In Gramsci's thought, power and dominant forces are not limited to the political and institutional spheres, but tend to be diffused and reinforced through all the fields of human societies. Far from being a unilateral process, power and culture design and reinforce each other in a coextensive process, where medias play a crucial role.
Thus, the concept of hegemony breaks with the idea that culture - as well as taste, education and all the fields related to it - constitutes a neutral, apolitical sphere. In the contrary, culture promotes the narratives, the standards and the norms of the dominants: this way, they introduce them as natural and universal, while giving to structural inequalities and disparities a coherent narrative and acceptable genesis. As a result, society tends to adopt and naturalizes the dominant, hegemonic discourse, and reproduces these narratives and the inequalities they create as an unconscious and often perceived as politically neutral process. This critique of culture has been completed by Bourdieu through the ideas of legitimate culture and reproduction of the elites, while addressing the educational system and its criteria of distinction. Here, the taste – i.e. the good taste -, operates as a powerful tool to discriminate social classes and legitimate the supremacy of the dominants as the result of a natural process of selection.

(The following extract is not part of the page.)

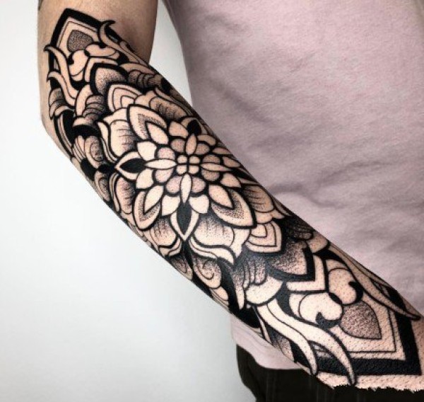 手背到小臂上的黑色点刺梵花纹身图案9张

Usually, the actors of this process of reciprocal institution and reinforcement of power and culture, are not aware of the political implications of the norms they promote. Bourdieu takes the example of teachers, who are usually convinced of the neutral character of their task. Yet, while discriminating good from bad pupils, they use as tool of discrimination the knowledge of the implicit and non-taught codes and values of the middle to upper classes. In the same way, the receptors of this discrimination process rarely tackle it as a political issue, but tend to interiorize and depoliticize the dominant's narrative.
In this process of diffusion of the hegemonic norms and discourse, needless to say that medias constitute privileged canals. While telling and reporting the news, they reproduce and impose the hegemonic perspective as exclusive, and naturalize dominants' power. Again, this process differs from a monolithic process: it is the place of a mutual and reciprocal institution.
Hegemony, though, can be opposed by concurrent, counter- discourses, challenging it and deconstructing its mechanisms and narrative patterns. Progress, growth and development hegemonic narratives are challenged by the degrowth theory. It is a debate if the counter narrative of degrowth would be a new hegemony. This brings us to the idea of degrowth as “diversal”.